For summer 2015, the Grundy Art Gallery presents a new commission: THE UNSPEAKABLE FREEDOM DEVICE, an experimental narrative film and multimedia sculptural installation by artist Jennet Thomas.

The film presents a kind of absurd fairy-tale, in which a strange mythical tribe surrounding the ‘Blue Lady’, based on a memory of former Prime Minister Margaret Thatcher, holds sway. The tribe takes a fictional pilgrimage through a future-primitive world, where the difference between magic and technology is now forgotten.

THE UNSPEAKABLE FREEDOM DEVICE establishes a fictional world with bizarre costumes and characters, creating a “Victorian Sci-Fi” aesthetic from Blackpool’s Winter Gardens – the final destination of the pilgrimage and the site of many of Thatcher’s most famous speeches at Party Conferences.

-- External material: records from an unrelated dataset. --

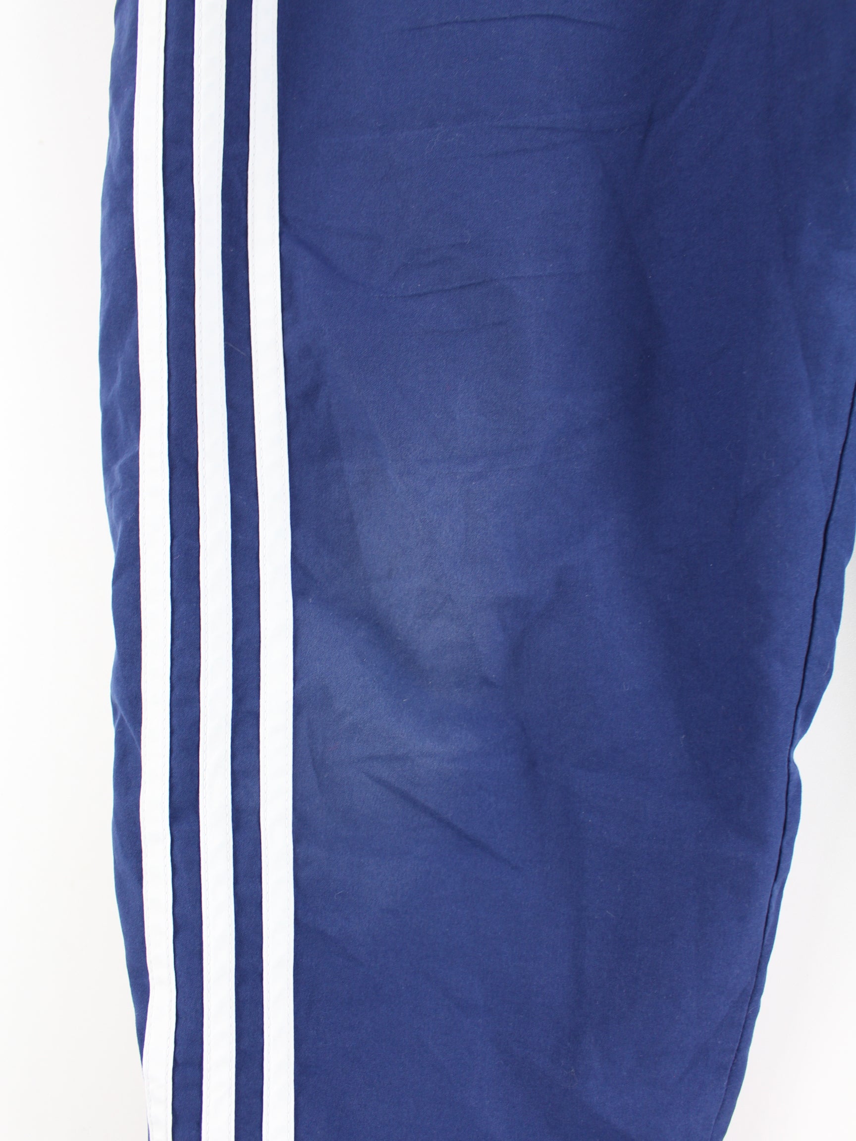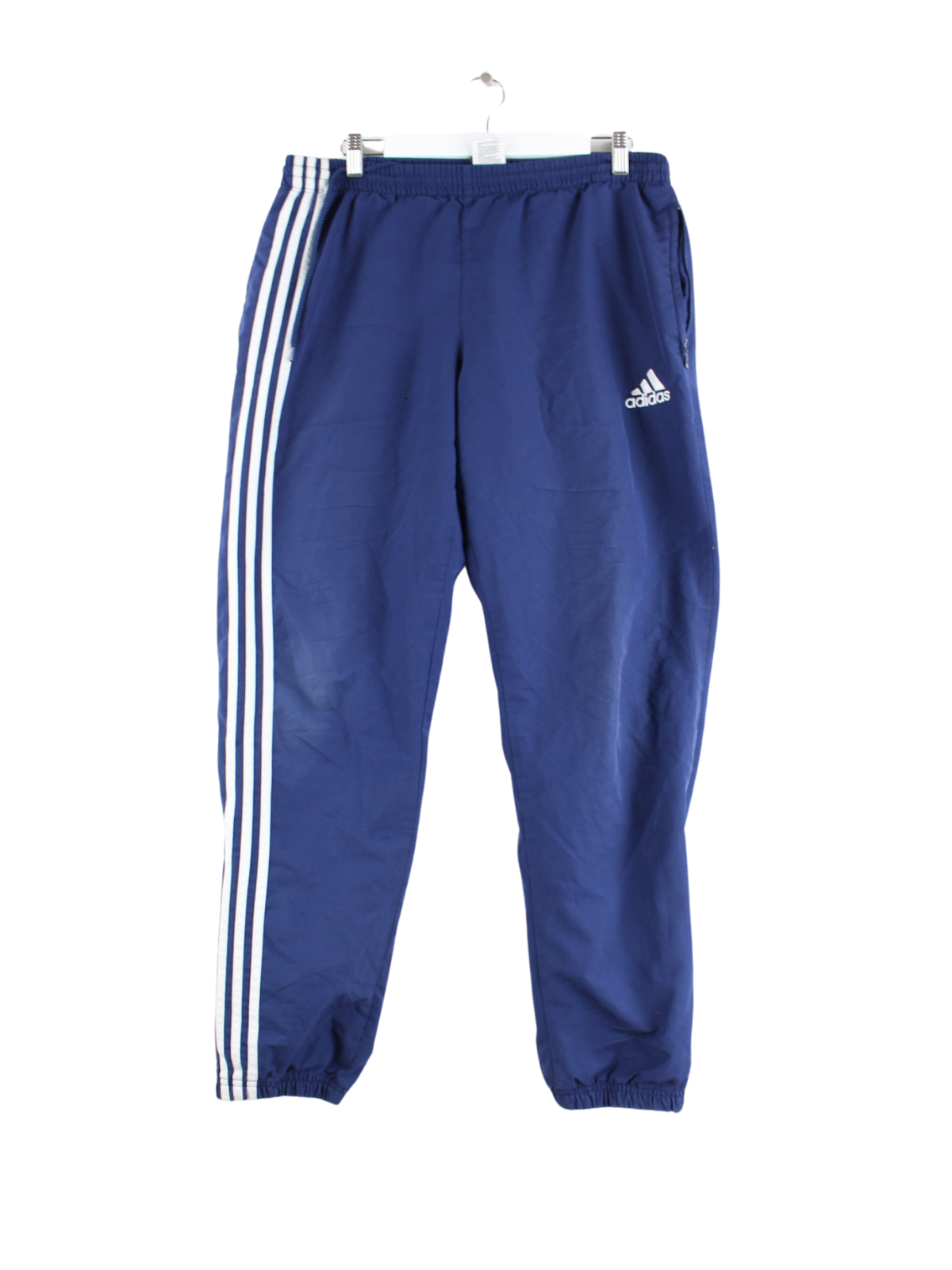 Blue track pants by Adidas from the early 2000s in size M. They are made of synthetic material. We would describe the condition as 'fine' (see pictures).
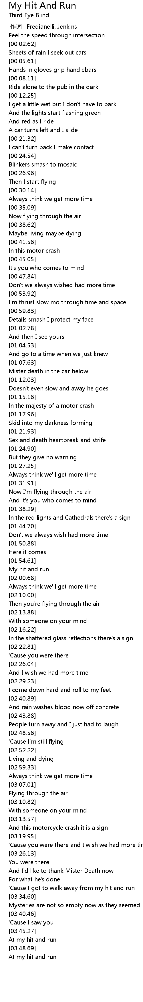 | [01:59.88] | My hit and run |
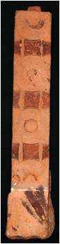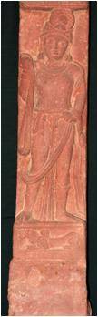 The pillar contains the standing figure of a royal devotee on a cushion holding a long garland of flowers in his bent raised right hand while his left hand is in akimbo posture. The front pleat of this diaphonous dhoti is clearly visible in between two legs reaching upto the foot. The dhoti is tied tightly on h is waist. The figure is shown having broad chest, strong arm. It is ornamented with kankana, keyura, kanthi, kundala. It wears a crown designed like a flower. The figure represents a smiling face. The cushion on which it stands have the depiction of lion figure. The fold of the uttariya is hold by the left hand. A roofed balcony with front railing is seen above the figure. The backside has the design of lotus medallion in buff colour.
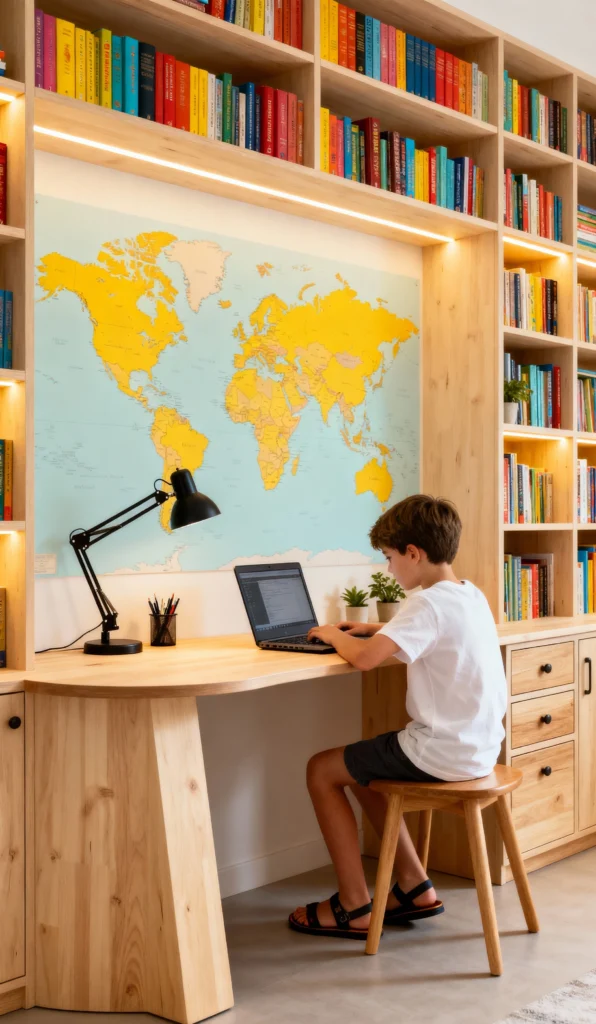 This one is for the students in your life! this clever design incorporates a desk right into the built-in, floor-to-ceiling wooden bookshelves. The lighting strip and the big, bright yellow world map are perfect educational touches that make this space fun and engaging. It’s an ideal, organized “learning nook” that encourages curiosity while providing a dedicated, distraction-free spot for homework.
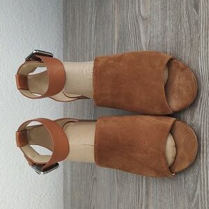 New Marc Fisher ROBE 2 Brown Genuine Suede Leather Open Toe Shoes Ankle Strap 9
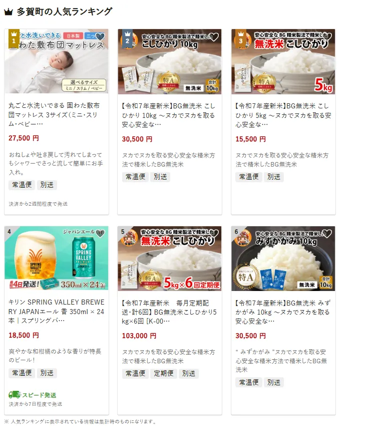 多賀町で人気の返礼品は、丸ごと水洗いできる固わた敷布団マットレス3サイズです。赤ちゃんから大人まで使いやすい仕様です。他には令和7年産新米BG無洗米こしひかり10kgセットやSPRING VALLEYエールビールなども揃います。寄付金は、保育や学校教育など子どもの成長支援、高齢者や障がい者の福祉、多賀大社を中心とした歴史文化の振興に活用されています。
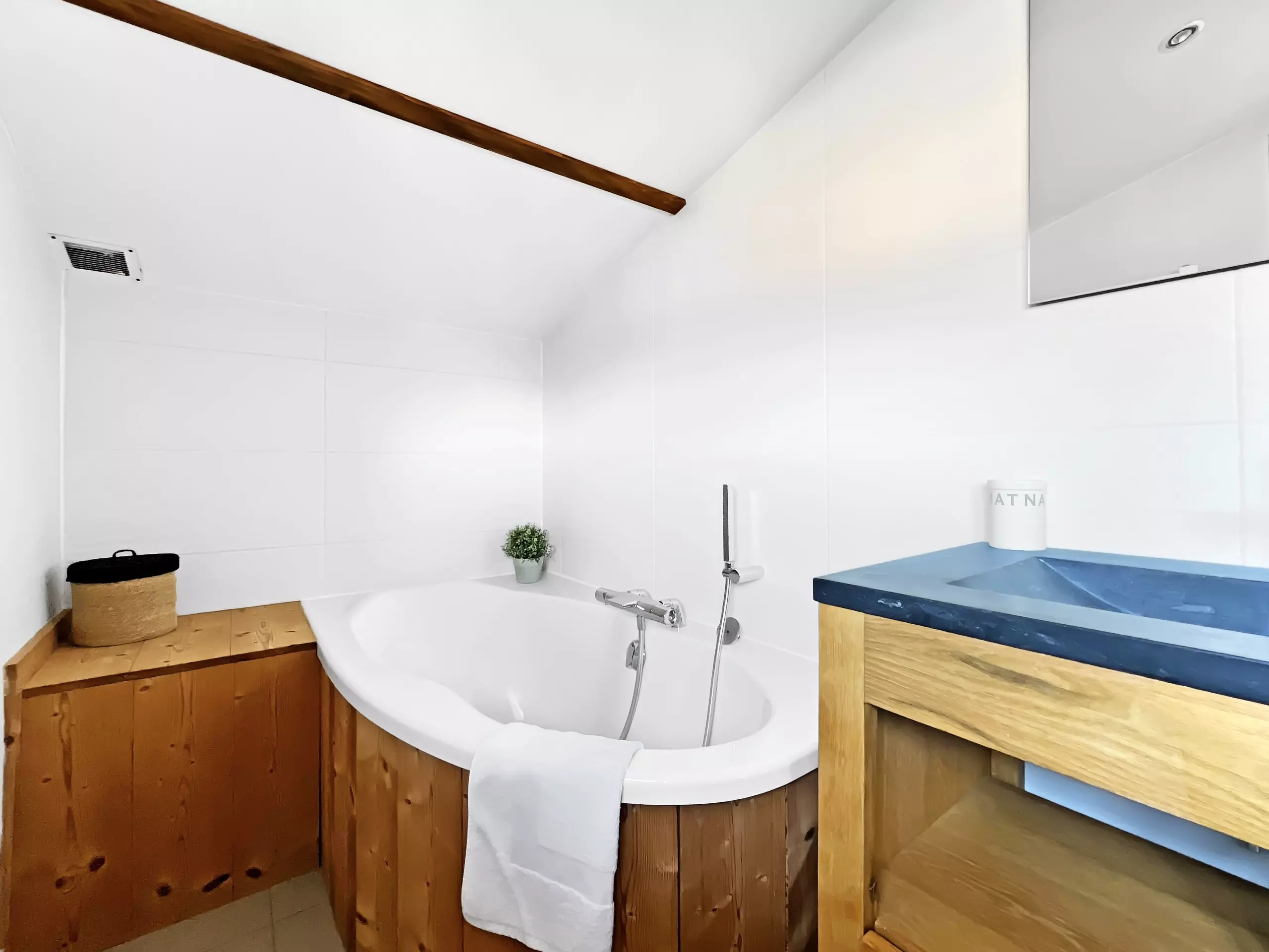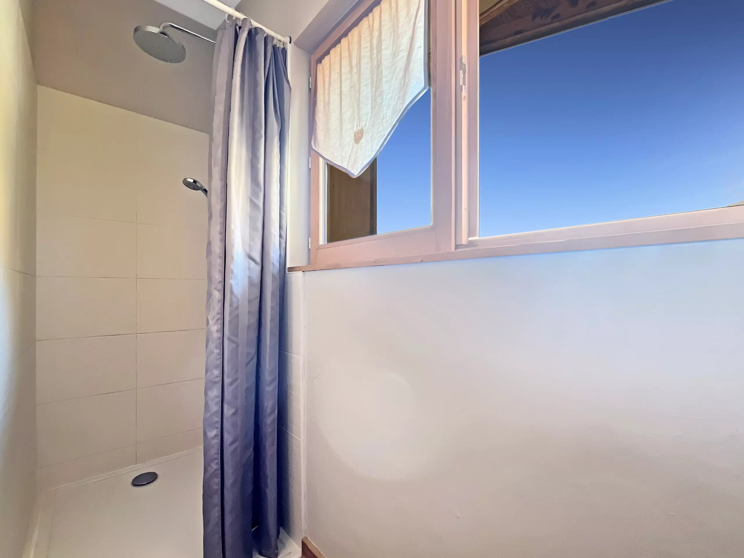 Le chalet dispose de d'une salle de bain avec douche baignoire et wc, d'une salle d'eau avec wc, et d'un wc séparés.
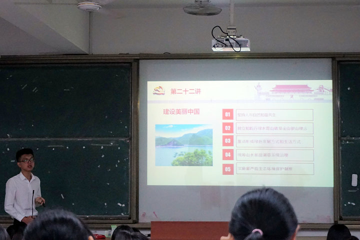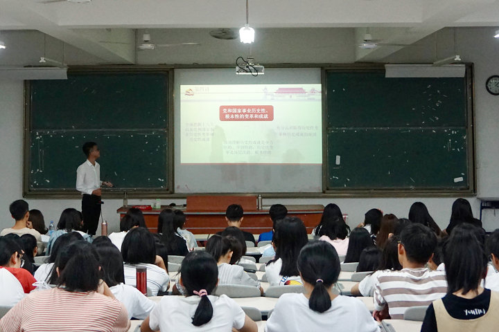 9月26日晚,米兰官网习近平新时代中国特色社会主义思想读书社在连江校区诚信楼大阶一教室开展第二场学生小分队“大宣讲”活动。本次宣讲以“《习近平新时代中国特色社会主义思想三十讲》导读”为主题,由读书社理论骨干宣讲小分队成员、福建省第二季大学生学习马克思主义理论知识竞赛本科组冠军苏金楼同学面向管理工程系2018级会展经济与管理专业的新生进行宣讲。
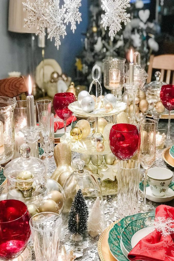 This Christmas table centerpiece is a cool, calming masterpiece. Icy blue ornaments and silver accents sit atop a snowy white runner, evoking a winter wonderland. The serene palette feels fresh and modern, perfect for a chic holiday gathering. As a decor lover, I’m drawn to how the metallic touches add subtle sparkle without overwhelming the table. Pair with crisp linens for a polished look. Want to bring this frosty vibe to your home? Try it and share your thoughts below—let’s inspire each other with holiday tablescape ideas!
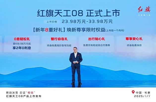 1月7日,经过多次“跳票”后 红旗天工08终于上市了。新车共推出5款车型,官方指导价格为23.98万元—33.98万元。
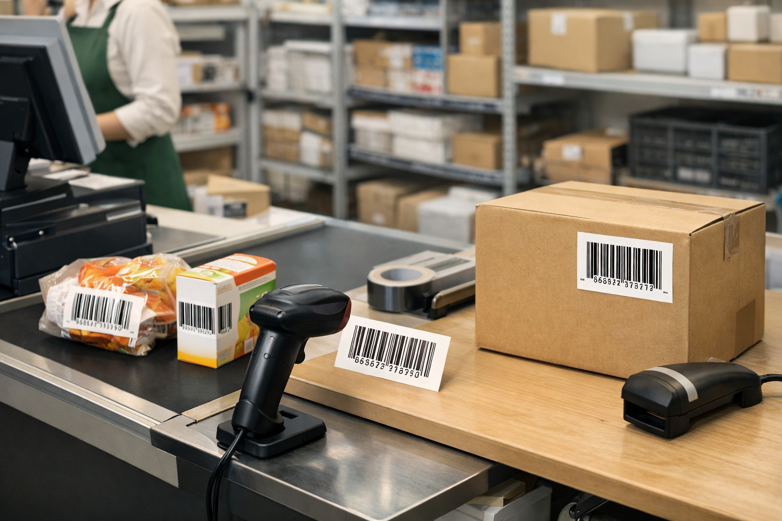 バーコードは、レジ、在庫管理、検品など、素早く識別したい場面にぴったりです。
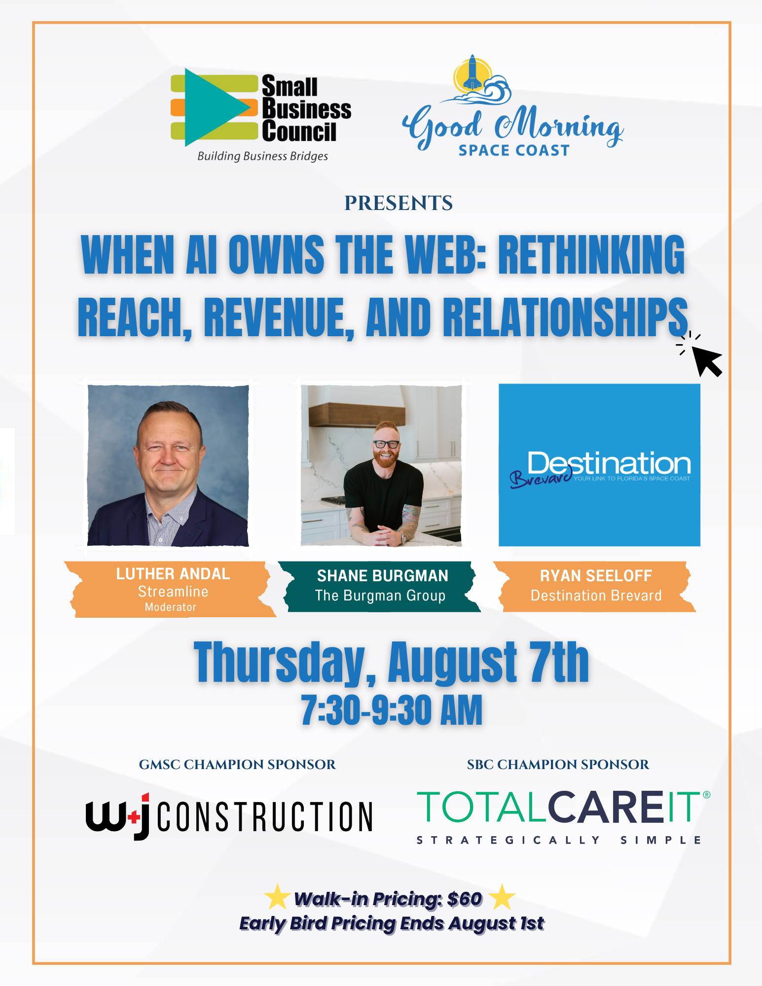 The rise of AI is rewriting the rules of online marketing. For small businesses, this means the traffic and leads you’ve relied on are disappearing fast. Join the Small Business Council and Good Morning Space Coast for "When AI Owns the Web: Rethinking Reach, Revenue, and Relationships" — a must-attend event where you’ll learn how to reclaim your audience and build stronger connections using fresh content strategies like video, podcasts and social media.
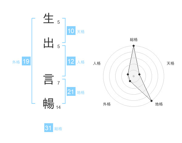 生出 言暢さんの総格は31画の5点!

Jennet Thomas is an artist who makes films, performance and installations which explore questions of fantasy in everyday life, language and belief systems, and how cultural memories are re-made, re-told and mythologised. Her work emerged from the experimental culture of London’s underground film and live art club scene in the 1990s, where she was a co-founder of the ‘Exploding Cinema Collective’. Her films have been screened extensively at international film festivals, particularly in the US and Europe and more recently in galleries in the UK. Recent solo exhibitions include at Matt’s Gallery, London 2012 and 2010, OUTPOST, Norwich, 2010 and PEER, London in 2007. Jennet Thomas is currently Senior Lecturer in Fine Art at Wimbledon College of Art, University of the Arts, London.
Preview: Friday 3 July, 6-8pm

There is also a symposium exploring the themes and questions posed in the exhibition on Saturday 4 July. Click here for details.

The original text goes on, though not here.